| Exercise |
Starting at the line with "suave y sostenible." and ending at the line with "Folk art cats", print exactly the lines of the entries below. Pictures do not belong in the copy.

| Entries supplied |
□ □ □ □ □

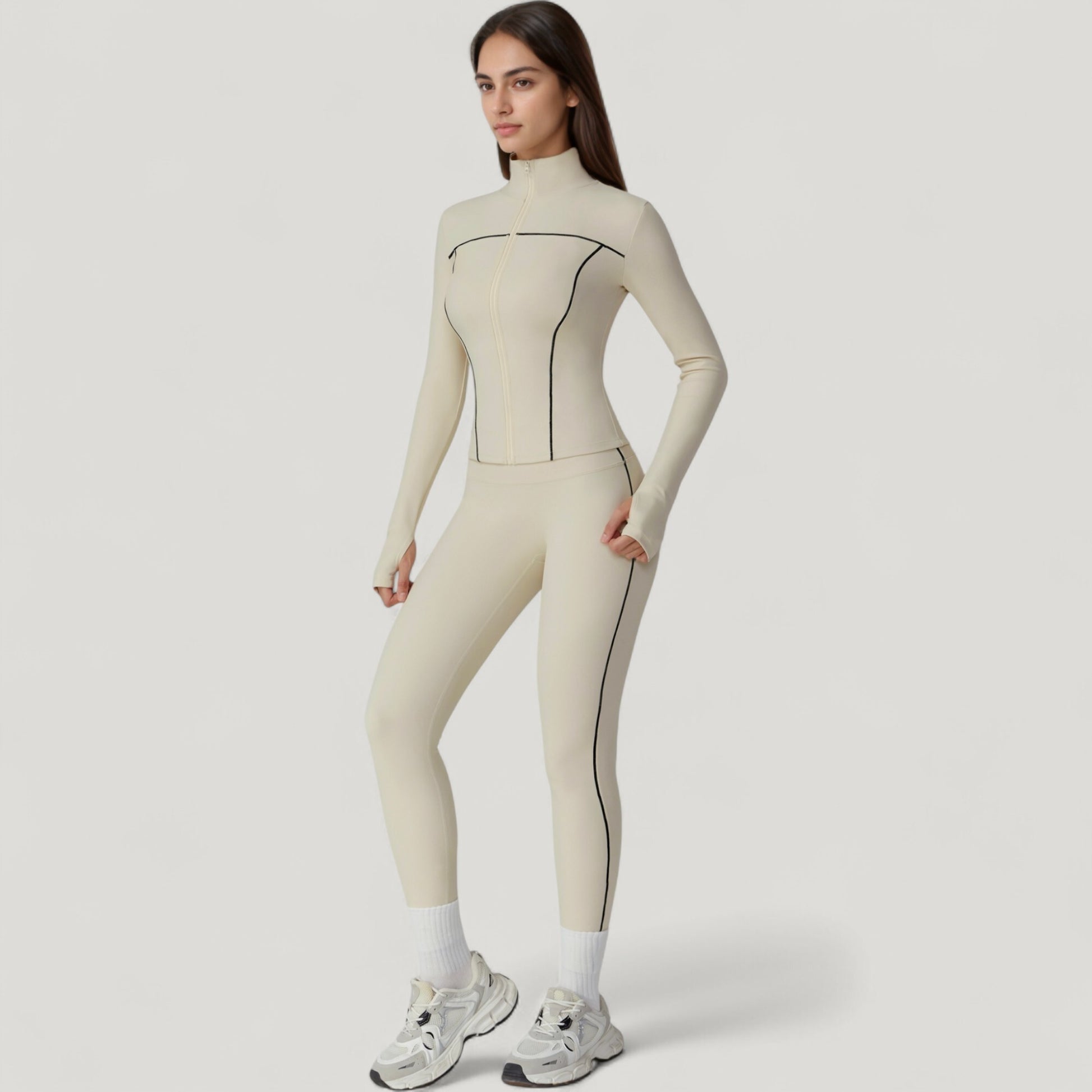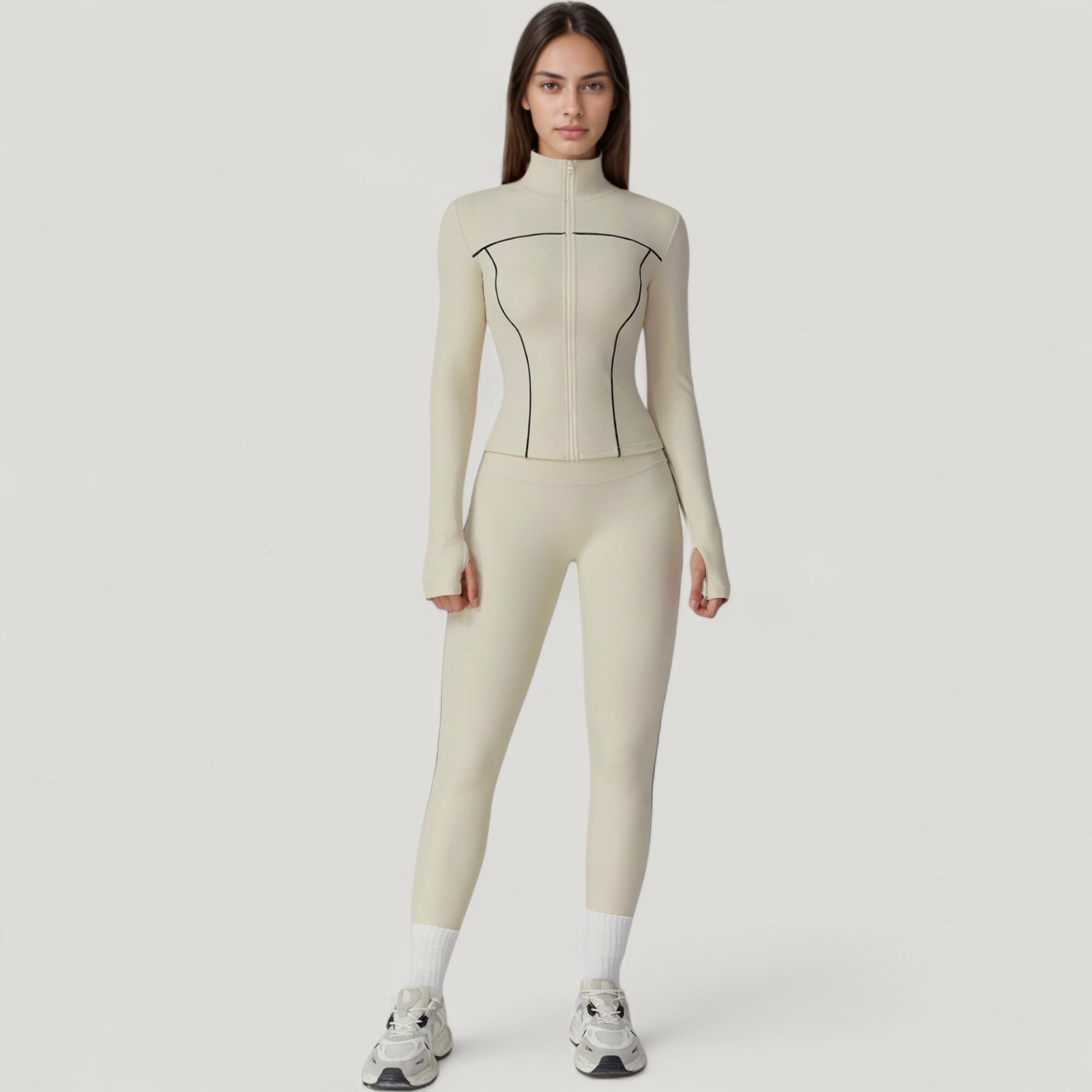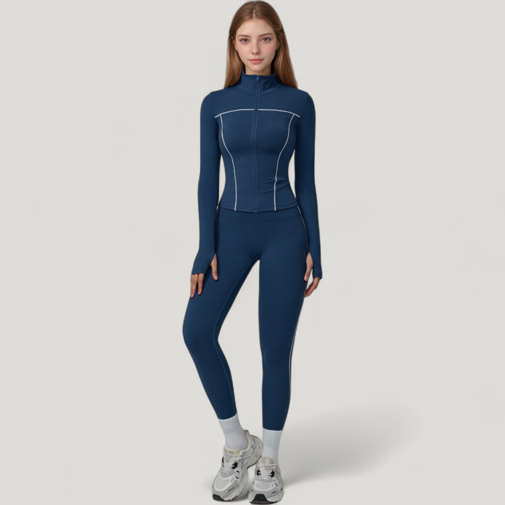 Fitted Zip-Up Activewear Jacket with High Collar Long Sleeves and Contour Seaming
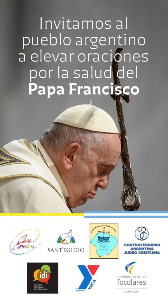 Distintas instituciones religiosas convocan a todas las comunidades al pueblo argentino a rezar por la salud del papa Francisco, quien se encuentra internado en Roma debido a un cuadro de neumonía bilateral.
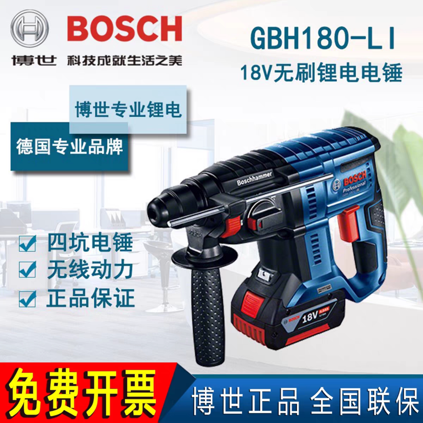 德国博世锂电电锤电镐冲击钻充电多功能家用混凝土GBH 180-LI
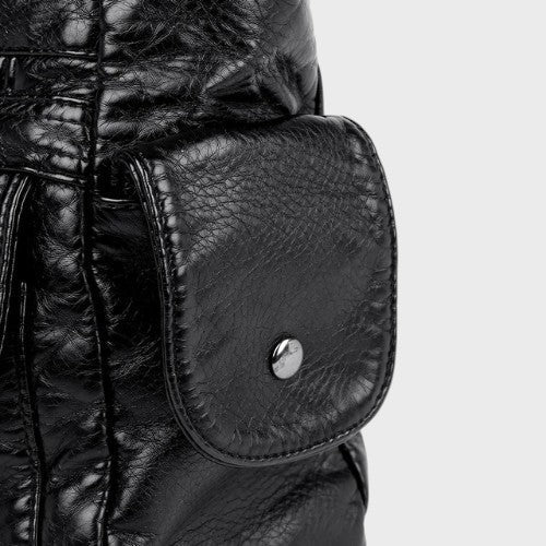 • Material ecológico: Cuero vegano suave y sostenible.
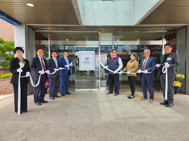 揭牌儀式上,雙方領(lǐng)導(dǎo)及參會(huì)人員共同為世翰大學(xué)升達(dá)分院揭牌,學(xué)校執(zhí)行董事王新奇、韓國(guó)世翰大學(xué)校長(zhǎng)李昇勛分別致辭,與會(huì)雙方還就相關(guān)工作進(jìn)行交流討論。
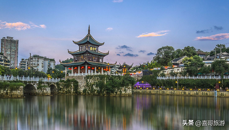 【贵阳文昌阁】位于贵州省贵阳市云岩区文昌北路1号。据《贵州通志》记载,阁始建于明万历二十四年(1596年),占地1200平方米,以设计巧妙、结构独特而著名。文昌阁是中国一种传统祭祀建筑,许多地方都有修建,但各地文昌阁内所祀神祇数目不一。一般来说,文昌阁都是四角形、六角形、八角形,但贵阳文昌阁却是九角形楼阁,建筑风格奇特:文昌阁底层呈正方形,第二层和第三层是不等度数9个角;文昌阁共有81根梁、54根柱,都是9的倍数;二、三层的椤木,各为9根。“九”在易经里意味着至高无上,代表崇高的地位。文昌阁坐落在贵阳城老东门的月城上,地势较高,登阁远眺,山川城郭尽收眼底,视野辽阔,是欣赏贵阳风景的好去处。
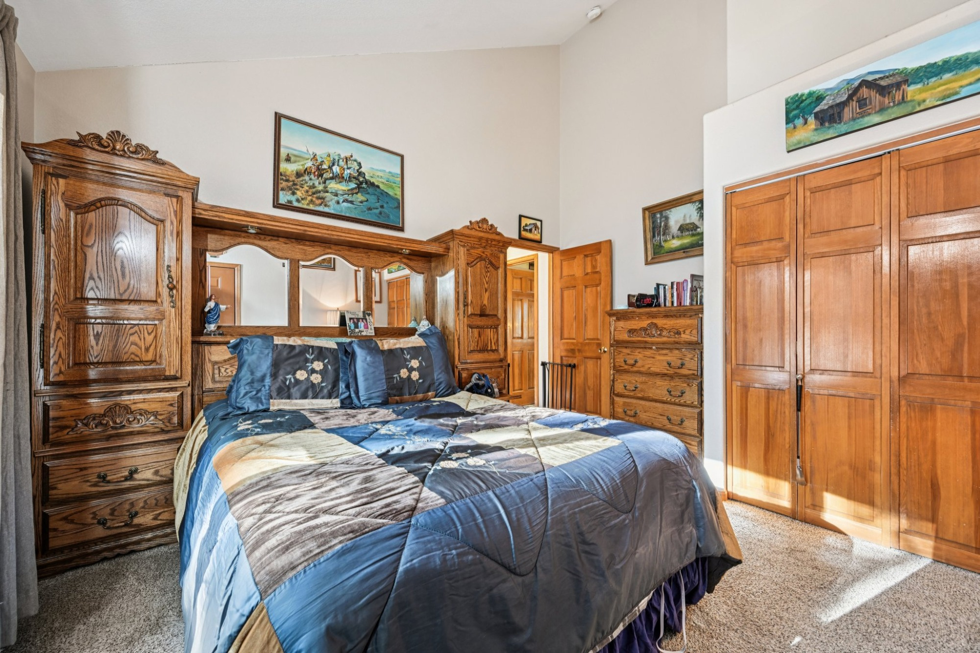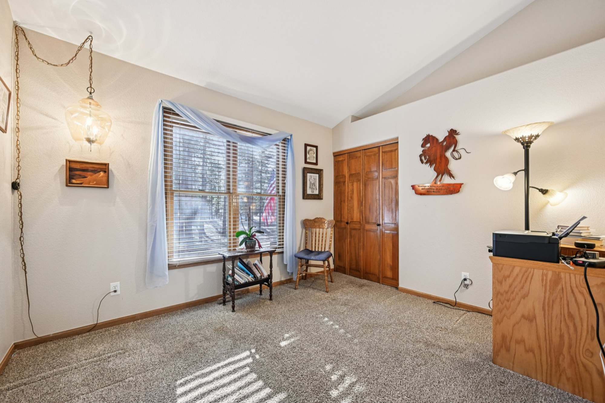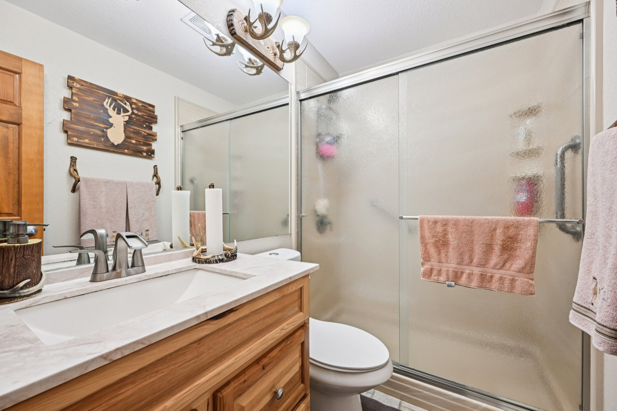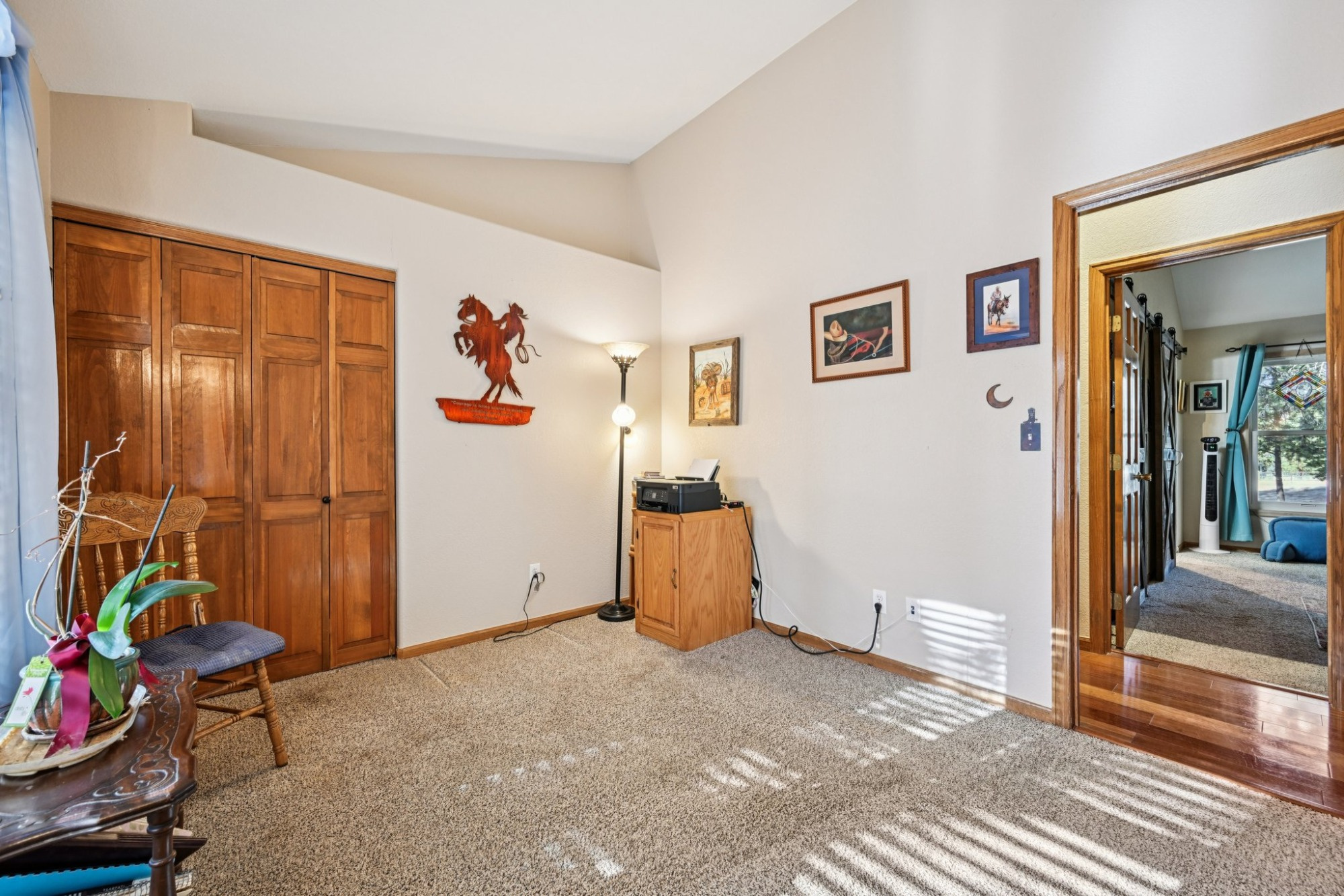 The primary suite has tranquil views, a walk-in closet, and slider barn doors that lead to a private 5-piece en suite bath with a soaking tub. There are 2 additional main level bedrooms, a 3/4 bath, powder room and a laundry room.
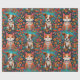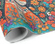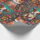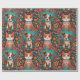 Folk art cats and dogs surrounded by cute whimsical folk art flowers birthday wrap.
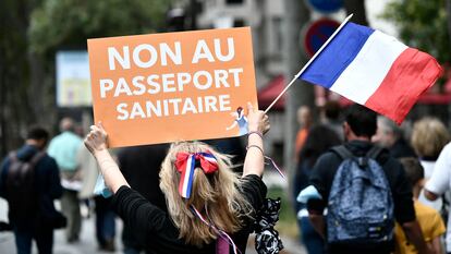 Decenas de miles de franceses volvieron a salir este sábado a las calles, por cuarta semana consecutiva, para protestar contra el certificado covid y la imposición de una vacunación obligatoria a sectores profesionales como los sanitarios. A 48 horas de la implementación del certificado en todo el país a partir del lunes, después de que el Consejo Constitucional lo validara el jueves, las manifestaciones se convirtieron también en un nuevo —que no último— grito de frustración contra lo que muchos de los participantes consideran una “vacunación obligatoria” maquillada y una restricción de libertades de tintes “dictatoriales”. Según el Ministerio del Interior, al menos 237.000 personas se manifestaron en las más de 150 convocatorias en toda Francia, 17.000 de ellas en París. La cifra confirma la participación al alza en estas protestas que comenzaron hace un mes: la semana pasada, fueron 204.000.
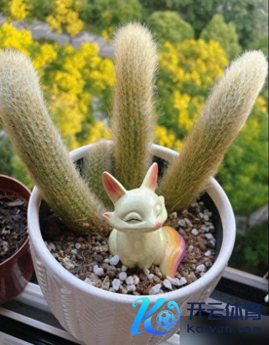 那盆毛茸茸的九尾狐摆在窗边,尾巴尖儿随风轻轻晃悠,阳光一照,整间房子皆透着一股子仙气。

□ □ □ □ □

| Response |
 • Material ecológico: Cuero vegano suave y sostenible.
 揭牌儀式上,雙方領(lǐng)導(dǎo)及參會(huì)人員共同為世翰大學(xué)升達(dá)分院揭牌,學(xué)校執(zhí)行董事王新奇、韓國(guó)世翰大學(xué)校長(zhǎng)李昇勛分別致辭,與會(huì)雙方還就相關(guān)工作進(jìn)行交流討論。
 【贵阳文昌阁】位于贵州省贵阳市云岩区文昌北路1号。据《贵州通志》记载,阁始建于明万历二十四年(1596年),占地1200平方米,以设计巧妙、结构独特而著名。文昌阁是中国一种传统祭祀建筑,许多地方都有修建,但各地文昌阁内所祀神祇数目不一。一般来说,文昌阁都是四角形、六角形、八角形,但贵阳文昌阁却是九角形楼阁,建筑风格奇特:文昌阁底层呈正方形,第二层和第三层是不等度数9个角;文昌阁共有81根梁、54根柱,都是9的倍数;二、三层的椤木,各为9根。“九”在易经里意味着至高无上,代表崇高的地位。文昌阁坐落在贵阳城老东门的月城上,地势较高,登阁远眺,山川城郭尽收眼底,视野辽阔,是欣赏贵阳风景的好去处。
 The primary suite has tranquil views, a walk-in closet, and slider barn doors that lead to a private 5-piece en suite bath with a soaking tub. There are 2 additional main level bedrooms, a 3/4 bath, powder room and a laundry room.
 Folk art cats and dogs surrounded by cute whimsical folk art flowers birthday wrap.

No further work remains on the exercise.